For the foregoing reasons, this Court concludes that TAC partnership is a "responsible person" under 26 U.S.C. § 6672, and that it wilfully failed to pay over the withholding taxes in question. In light of facts particular to this case, evidence produced on the morning of trial concerning tax periods not disclosed during discovery is inadmissible. Consequently, the Debtor is liable for 30.85% of the tax liability assessed against TAC for its failure to pay over any taxes owed by I.P.M. for the second quarter of 1983 and the third quarter of 1984 and for its failure to pay over any taxes owed by Operator Sales for the first quarter of 1981, the second and third quarters of 1983, and the third quarter of 1984. Because Rondo Inc. ceased to exist after September 11, 1984, the contention that TAC is liable for failing to pay over taxes allegedly owed by Rondo Inc. for 1985 is without merit.
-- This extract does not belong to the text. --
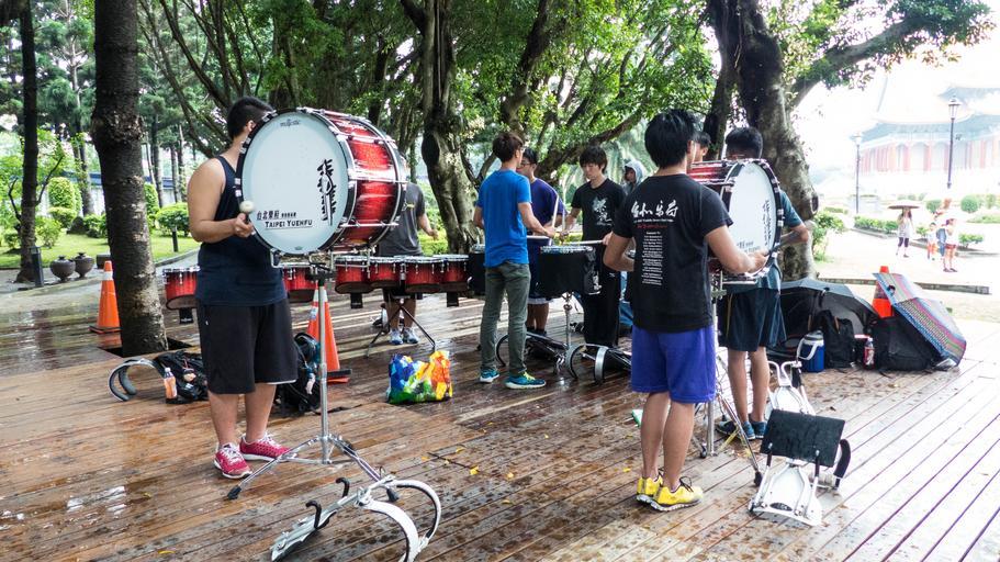 Keywords: Taipei Yuehfu Drum and Bugle Corps Practicing in Rainy Day 20140607.jpg zh-tw 大雨中,臺北樂 樂旗 術 成員 家戲劇院附近樹蔭下練習 Own 玄史生 2014-06-07 Musical groups from Taiwan People with drums June 2014 in Taiwan 玄史生写 文庫 Taken with Leica V-Lux 4 Cc-zero

The Complaint also seeks to have this Court determine the extent of the liens. However, the documentation offered by the I.R.S. regarding the amounts of the taxes owed is confusing and conflicting and the Court cannot, therefore, make any specific determinations on this issue. Consequently, the Court will require the parties to confer and reach an agreement on the exact amounts of taxes owed, using the guidance of this Opinion regarding the tax periods to be covered. An appropriate Judgment will be entered.

JUDGMENT

For the reasons assigned in the foregoing Memorandum Opinion entered herein by the Court this date,

IT IS ORDERED, ADJUDGED AND DECREED that, on the Complaint to Determine Validity, Priority and Extent of *525 Federal Tax Liens filed by the Debtor, Joyce Elms, judgment be rendered, in large part, IN FAVOR OF THE INTERNAL REVENUE SERVICE.

IT IS FURTHER ORDERED, ADJUDGED AND DECREED that the Debtor is LIABLE FOR 30.85% of the federal tax liability assessed against TAC Amusement Company for failure to pay taxes owed by INTERNATIONAL PROPERTY MANAGEMENT, INC. FOR THE SECOND QUARTER OF 1983 AND THE THIRD QUARTER OF 1984; for failure to pay taxes owed by OPERATOR SALES, INC. FOR THE FIRST QUARTER OF 1981, THE SECOND AND THIRD QUARTERS OF 1983 AND THE THIRD QUARTER OF 1984.

IT IS FURTHER ORDERED, ADJUDGED AND DECREED that the Debtor is NOT LIABLE for any federal taxes allegedly owed by RONDO, INC.

IT IS FURTHER ORDERED, ADJUDGED AND DECREED that the parties come to an AGREEMENT within thirty (30) days of the entry of this Judgment, concerning the AMOUNTS OF THE TAXES OWED and present this agreement to the Court for approval.

NOTES

[1] Bankruptcy Rule 3001(f) reads as follows:

(f) Evidentiary Effect. A proof of claim executed and filed in accordance with these rules shall constitute prima facie evidence of the validity and amount of the claim.